Chris O'Leary writes that "Can You Hear Me?", with its guilt and "studied unease", is "sumptuous, its intro alone masterful": "Once we were lovers / Can they understand? / Closer than others, I was your / I was your man." The alto sax, played by David Sanborn and introduced in the third verse, "becomes a competing vocal line". The arrangement and "small cathedral of voices" obscure the "pathetic man at the heart of the song".

The song was written by Bowie, produced by Bowie, Tony Visconti, and Harry Maslin, and engineered by Carl Paruolo. The backing vocalists included the 24-year-old Luther Vandross at the very beginning of his career.

==Recordings==
Then known as "Take It In Right", the song was first recorded on 1 January 1974 at Olympic Studios in Barnes, London. As "Can You Hear Me?", it was included in Bowie's soul album The Gouster, recorded in 1974 but released posthumously on the box set Who Can I Be Now? (1974–1976) (2016).

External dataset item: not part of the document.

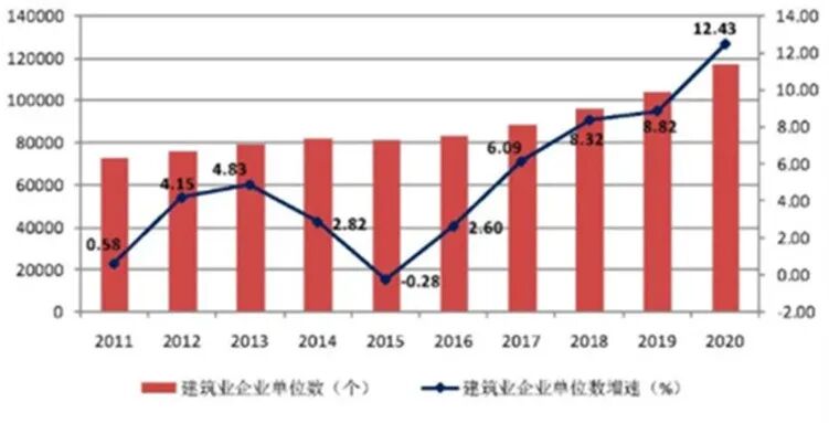 图3 2011-2020年建筑业企业数量及增速

Bowie decided in 1974 to have the Scottish singer Lulu record the song, which they did on 25 March, again at Olympic, and on 17 April at RCA's studio in New York. It was at the New York session that Bowie first met the guitarist Carlos Alomar, who became a major collaborator. Bowie believed that Lulu had the potential to be a great soul singer. "Lulu's got this terrific voice, and it's been misdirected all this time, all these years," he told an interviewer in 1974. "People laugh now, but they won't in two years time, you see! I produced a single with her – 'Can You Hear Me' – and that's more the way she's going. She's got a real soul voice, she can get the feel of Aretha, but it's been so misdirected." He said he wanted take her to Memphis and record an album with her and a band such as Willie Mitchell's. According to Nicholas Pegg, the recording of Lulu singing "Can You Hear Me?" is "one of the lost grails of Bowie fans".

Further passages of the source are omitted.